Ford CEO Mulally shares Toyota's vision

ByABC News
April 1, 2009, 11:21 AM

— -- In more than two years on the job, Mulally has tried to instill in Ford Toyota-like discipline and global product integration. He is intent on polishing into a jewel the Ford brand that had been allowed to become ho-hum. Like the Japanese company's famously long view, Mulally wants to look decades down the road, not months.

Make no mistake: Ford's emulation of the industry's halo company doesn't mean it's in the same league, yet. Not with the heavy debt load it still is trying to cut, a product portfolio in the U.S. still lacking in highly profitable small cars, and improved reliability still trying to erase missteps of past years in consumers' minds.

"Ford is being Ford. They aren't in as good of shape as you think," says Jim Hall of 2953 Analytics.

Ford has tried to float above that turmoil, even as March sales figures due out today are likely to show the industry's worst downturn in decades has yet to hit bottom.

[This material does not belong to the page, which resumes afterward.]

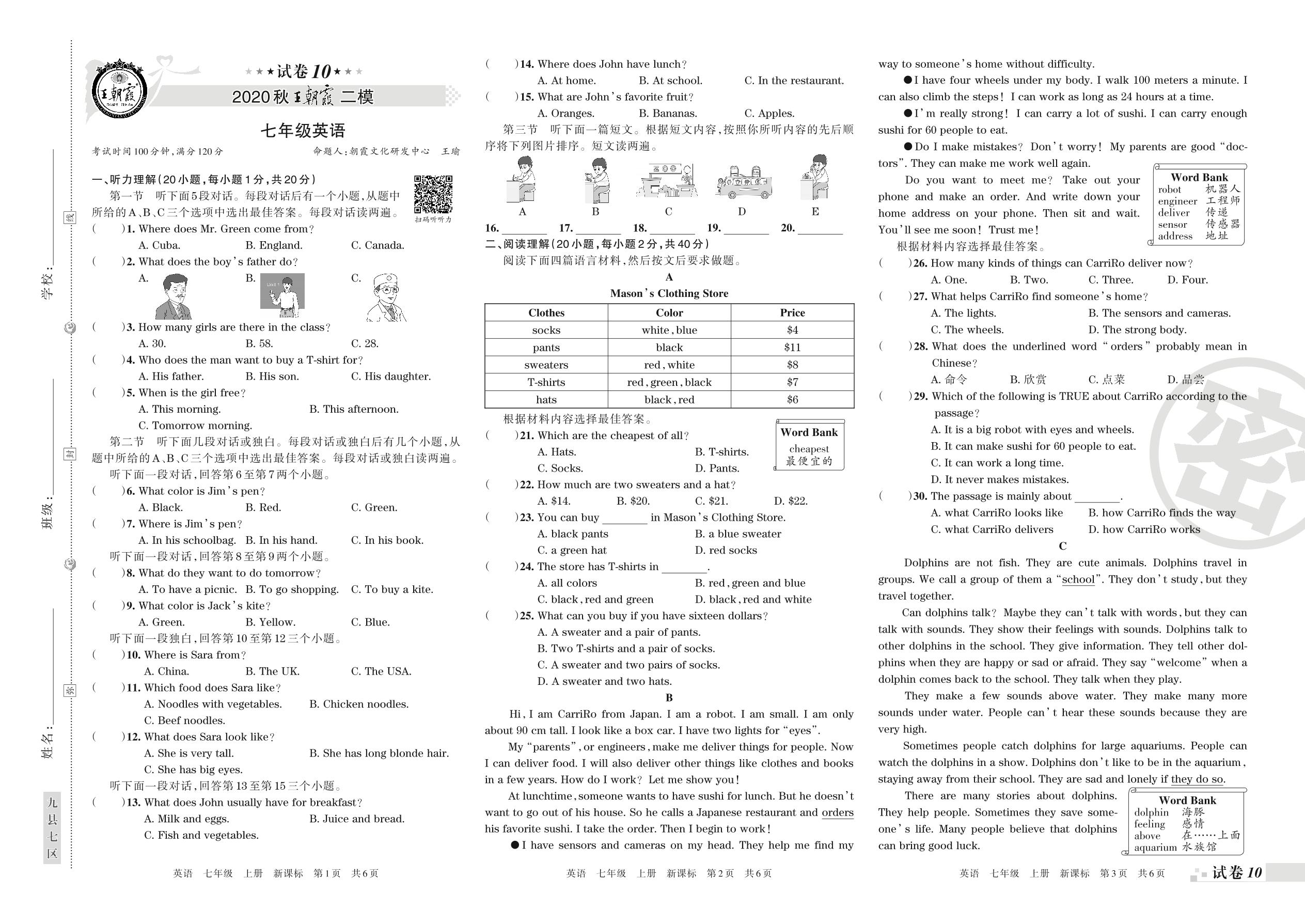 王朝霞期末模拟卷七年级上册英语(新课版)_R210807190312【10】

Similarities between Ford, Toyota

The interest of Mulally, who used to drive one of Toyota's Lexus luxury cars before he joined Ford, in his Japanese competitor is more than a case of if-you-can't-beat-'em. The two companies have several things in common: Both still are heavily influenced by their founding families, the Fords and the Toyodas. Both innovated production methods that set standards for the industry. Both set new marks for the treatment of industrial workers.

Lately, they've added a few more common attributes to that list:

Finances. For the moment, both are losing money, but surviving. Toyota has socked away a lot of savings. Ford lacks that kind of cushion, but Mulally swears it has enough cash to weather the recession without a dime of government loans.